I’m ranking Josh Harford of the Aotearoa New Zealand Silly Hat Party first. He is one of the smartest people standing for Mayor, and his vision for optimism is a good one. Sure some might say he is a joke candidate (and he is far cleverer, more subversive and interesting that the nihilistic William Pennywize, and there are enough unfunny clowns about), and you might say I am chosing him because I know him (although he's not the only candidate I know). In all seriousness, if he got elected it would uplift the optimism and publicity for Wellington more than any other candidates combined. Imagine the headlines if Wellington elected a young man with a sense of humour, sense of drive, sound academic record and proven willingness to work well with people across political spectrums. Leftie journalists will highlight his ethnic minority heritage, which he does not and which does him credit.

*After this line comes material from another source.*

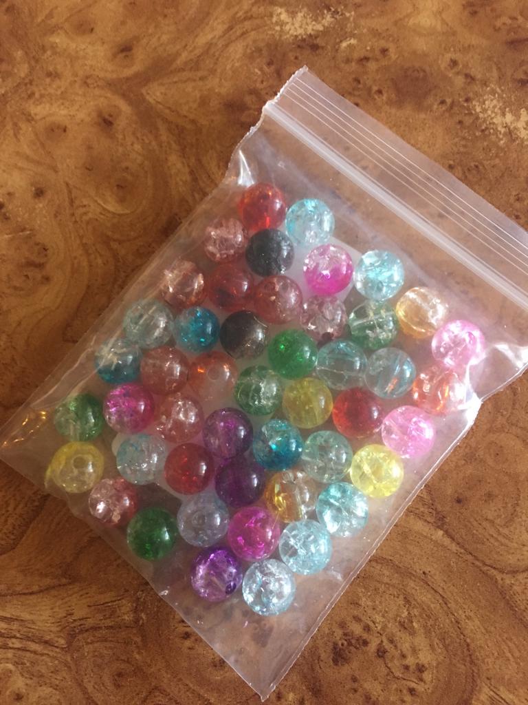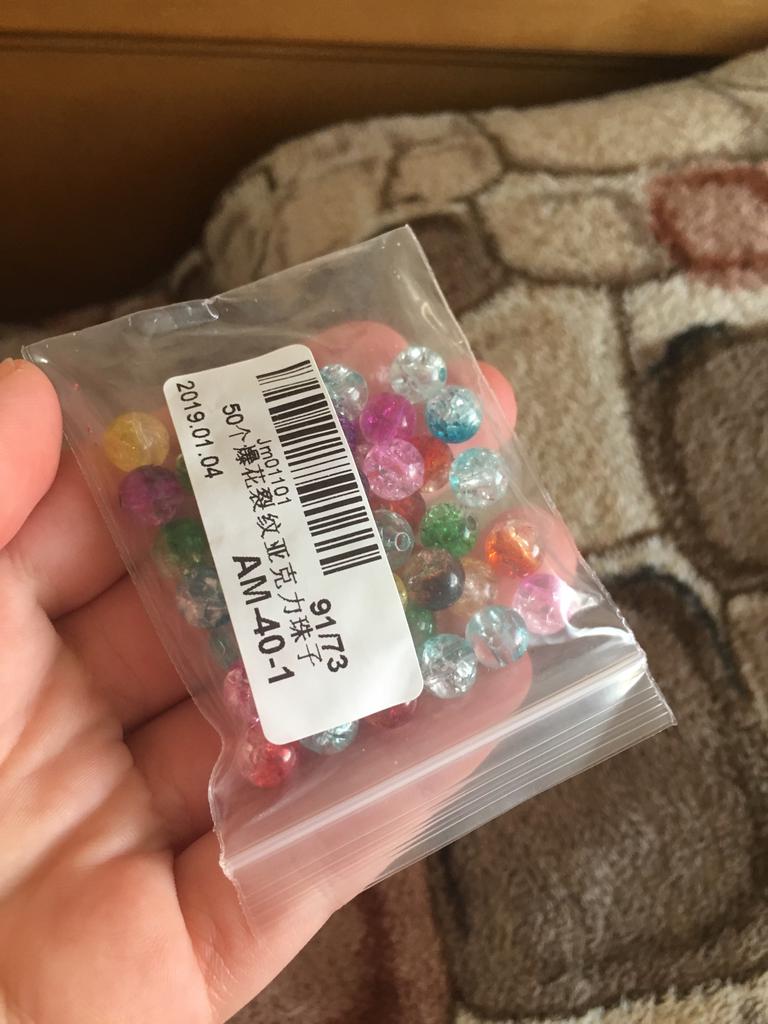 Месяц доставка до Абакана. Бусины хорошего качества. Выполнены из прозрачного пластика с пузырьками воздуха. В диаметре 6 мм с отверстием. Продавец заявил 8 мм. За это сняла звезду. Прислали ровно 50 шт. Пластик без запаха. Цвета яркие и соответствуют фото продавца. Покупала за 57 руб. Товар рекомендую. Продавцу спасибо, не обманул, товар отправил.

He is his own man, and really will revitalise the city.

Now we all know he isn’t sure thing, so who to rank after Harford? There are three other groups of candidates.  Lefties, righties and the ones you will laugh at.

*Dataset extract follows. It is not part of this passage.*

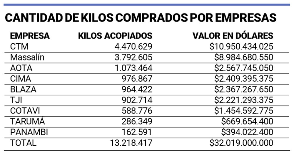 Las contingencias y eventos climáticos adversos bajaron esas estimaciones a 22 millones, quedando poco más de diez millones de diferencia con lo finalmente acopiado. “Finalmente (el acopio) ha caído un poco, quedó la estimación en unos 22 millones y se terminó acopiando unos 13 millones de kilos. Con relación al año anterior, en el 2023 se acopió 18 millones de kilos”, dijo.

Alex Baker is the Green candidate without being branded “Green” and talks in slogans. His priorities are “affordability” (which means rates, rents, house prices and transport costs – but it’s unclear how he can keep all of these down), “jobs” and “sustainability”. He wants land value rates, which on its own is worth considering, but he also wants to “complete the Golden Mile” (which will slow down bus services by eliminating the ability of buses to pass) and focus on bike and bus lanes to get the city “moving”, although there is no evidence this will make any material difference.  His focus on climate change action isn’t credible to control spending or promote business. His ambitions suggest he will spend more money. Rank him last. 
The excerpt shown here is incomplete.